Researchers from the Alfred Wegener Institute, Helmholtz Centre for Polar and Marine Research have for the first time reconstructed the historical development of the larch forests in northern Siberia over the past 9,000 years. This allowed them to identify, which factors determine the ranges of various larch species, and to gauge the forests’ capacity for absorbing carbon dioxide – an aspect that is directly relevant with regard to potential shifts in the larches’ ranges in the future. Their findings indicate that not air temperature alone determines whether or not the three Siberian larch species become dominant in a given region; the more important aspect is the biological competition between the species, and the question of which species settled there first. The new study will be released today in the journal “Scientific Reports”.

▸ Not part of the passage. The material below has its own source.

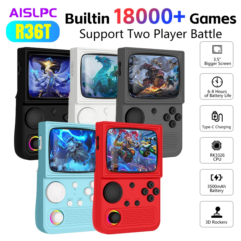 R36T Retro Handheld Game Console EmuEMEC System Wi-Fi Support 22000+Games 128GB 3.5'' IPS Screen Portable Pocket Video Console $42.07

In Siberia, an area measuring over 2.6 million square kilometres – roughly seven times the size of Germany – is covered by larch forests, which have a significant influence on the Earth’s climate. For one thing, the billions of trees there absorb and store massive quantities of carbon dioxide (CO2) from the atmosphere. For another, they reduce the reflectivity of the Earth’s surface; wherever trees grow, a far lower percentage of sunlight is reflected than in the largely snow-covered tundra.

Accordingly, the answer to the question of how the Siberian larch forests will influence the carbon cycle and the Earth’s climate in the future also depends on whether or not they will spread farther to the north as a result of climate change (as expected), and if so, which species will become dominant. The fast-growing Siberian larch (Larix sibirica), for example, can absorb atmospheric CO2 far more effectively than the slow-growing Dahurian larch (Larix gmelinii).

 

DNA evidence reveals the forests’ past

 

“Until recently, it was extremely difficult to make prognoses on the future of the Siberian larch forests because we knew so little about the historical spread of the respective larch species; with conventional methods, it’s virtually impossible to tell the difference between the pollen and other remains left behind by the different species,” explains first author Prof. Laura Epp. In a recent project, she and her colleagues have for the first time successfully reconstructed the distribution and density of individual larch species in Siberia’s forests along the Arctic tree line for the past 9,000 years. To do so, they employed a new method to extract ancient larch DNA from soil samples, taken from sediment cores gathered near two lakes on Russia’s Taymyr Peninsula.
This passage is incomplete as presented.